Почему разные люди неодинаково относятся к неправде? Не к той, которая ложь, а к той, которая несправедливость. Что, людей по-разному воспитывают, разные книжки дают читать? Или просто жизнь у каждого идет по-своему, складываясь, как иней на стекле, в каждом окошке особенным узором. Жизнь, так сказать, кует характер, а раз жизнь у каждого своя, то и характеры у всех непохожие… Может быть, так, и все просто? Да нет. Все еще проще. Существует максима, афоризм (забыл чей): характер – это судьба. Правильный афоризм. Потому что не жизнь кует характер, а совсем наоборот – характер рисует узоры на стеклышке жизни. Моей и вашей, любой. Мелкие детали узорочья зависят, конечно, от обстоятельств и даже от книжек, которые нам в детстве дают читать. Но лекало задает характер. Деятельный человек, искрящийся электричеством избыточной энергии, не станет читать нудную философскую прозу. Просто не станет, и все. В лучшем случае сделает вид, что читает. Абстрактный мыслитель ни капельки не рискует погибнуть в лапах белого медведя, он ведь ни при каких обстоятельствах не пойдет штурмовать Северный полюс.

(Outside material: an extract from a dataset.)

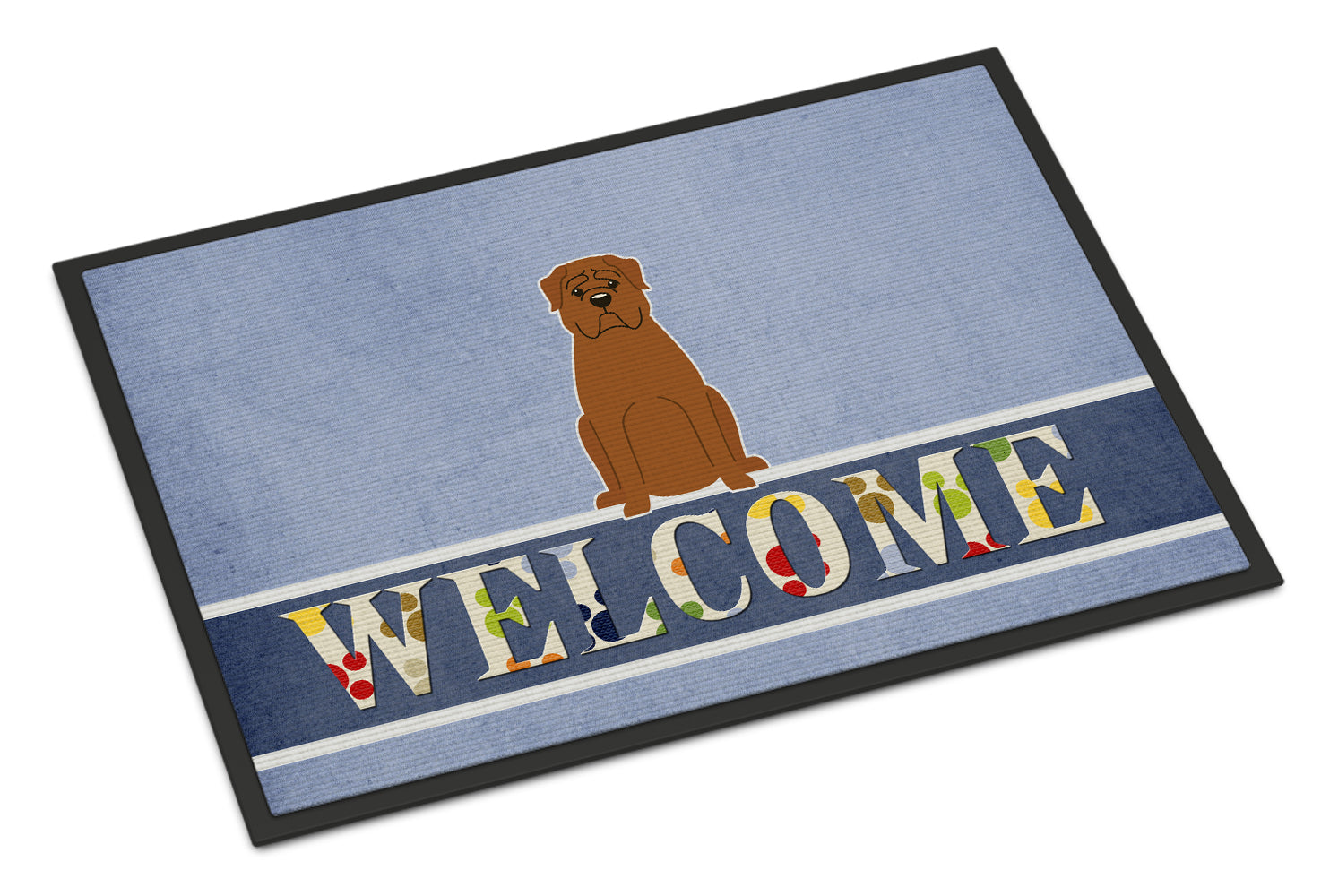 Decorate your space with our Dogue de Bourdeaux artwork on a Doormat. Welcome your guests in style with our Artwork Door Mat, designed to withstand almost any weather condition. This mat, measuring approximately 18 by 27 inches, is held together by durable black binding tape. Its top layer, composed of polyester felt, is dyed with the eye-catching image you see on the mat. A few layers below provide the mat with stability, while its rubber bottom is stamped to help prevent slipping and ensures safety. Our mat works wonderfully as both an indoor or outdoor door mat. For cleaning, simply hose it off with water or use a power washer - no need for any cleaner that produces suds. Avoid scrubbing with a brush, instead, opt for the vacuum on floor setting. Designed manufactured and printed in the USA, this mat is a perfect addition to your porch, outdoor kitchen, entryway, or any indoor space. Its unique design makes it a charming decorative rug that greets your guests and adds a stylish touch to your home decor.

Да и неодинаковость нашу тоже не стоит переоценивать. Конечно, каждый чувствует себя удобно только в собственной шкуре. Более того, человек, как любят говорить занудные философы, есть микрокосм, поскольку в своей черепной коробочке вмещает целый мир. Такой, каким он его понимает. И думают-то все люди об одном и том же: зачем – я, зачем – все. Куда мы «едем» и кто все это сотворил? Такое впечатление, будто Творец нарочно размножился в миллиардах человеческих экземпляров, чтобы поразмышлять о самом себе, подумать вслух, и не в одиночку, а при поддержке, так сказать, большой аудитории. И экземпляры думают и думают до седьмого пота, но до конца никогда не додумываются. Тот, о Ком они размышляют, Сам установил их раздумьям непреодолимый предел. И это, конечно, один из самых выдающихся «приколов» Творца!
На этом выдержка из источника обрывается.